Heavy rainfall and melting snow trigger Flash Flood Emergencies in California

Heavy rainfall and melting snow trigger Flash Flood Emergencies in California

Days of heavy rainfall and melting snow triggered Flash Flood Emergencies and resulted in at least two deaths in California. Unfortunately, another atmospheric event is gearing up over the moisture-laden Pacific, which could bring more rainfall and snow to the Golden State.

According to FOX Weather’s Michael Estime, this second powerful atmospheric river is just “insult to injury” to the state. A large part of California is currently under a Flash Flood Watch with another atmospheric river on the way. At least 34 counties are still under a State of Emergency.

The previous storm pounded parts of California on Thursday and Friday, but periods of rain, snow, and thunderstorms continued through the weekend.

An EF-1 tornado briefly touched down in Tuolomne County on Saturday, and Merced, California, in the Central Valley was even under a rare Tornado Warning on Sunday from a pop-up storm.

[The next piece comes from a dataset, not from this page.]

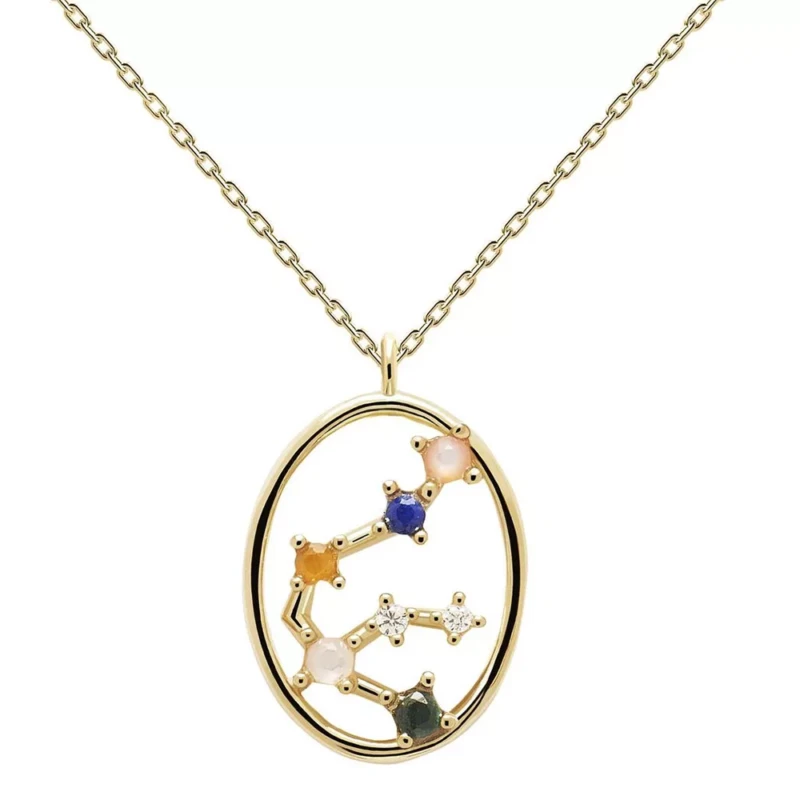 Prelepa ogrlica PD Paola je izrađena od srebra i 18k pozlate, i savršen je dodatak za svaku modernu ženu koja želi da izrazi svoju individualnost i jedinstvenost. Sadrži drago kamenje: tigrovo oko, rozenkvarc, biser, malahit, lapis lazulit, i kristal u beloj boji. Savršen spoj minimalističkog dizajna i sofisticiranosti, ova ogrlica je idealna za sve prilike, od svakodnevnog nošenja do svečanih događaja.

Several Evacuation Orders were downgraded to Evacuation Warnings along rivers that continue to rise.

However, authorities warn residents to be prepared to leave again with the new rain threat. Before the event begins, around a dozen major river gauges were either near flood stage or above.

The supercharged storm moves in on Monday with the heaviest rain and snow in the evening into Tuesday.

The FOX Forecast Center calls for 3 to 6 inches of rain across the coastal ranges, foothills, and mountains below around 6,000 feet, with the tropical air from the Pineapple Express. Some areas could see over 8 inches locally.

This will mean more rain falling on snow with the possibility of deadly runoff and flash flooding. Some mountain residents are still trapped by snow while other homeowners can’t even get through the unplowed roads to check on their homes.

The weight of wet snow brings even more danger to the homes as roofs have started to collapse. The warm system could even raise the rain-snow line up to pass level. Quickly melting the near record-breaking snowpack could create catastrophic flooding and landslides. Communities above 7,000 are in for another 1 to 3 feet of snow.


The NWS is warning mountain residents of “roofalanche” when heavy, wet snow slides off a roof. One woman was killed in the previous storm when a roofalanche took out her porch and crushed her while she was clearing it.

Wind gusts from 45 to 60 mph and up to mph at the highest peaks will knock more trees down. Power is still being restored from the last wind and rainstorm, yet utilities are warning residents to be ready for blackouts.

The worst of the mountain winds will likely be on Tuesday. The NWS is already cautioning high profile vehicles like trucks to stay off interstates through the passes.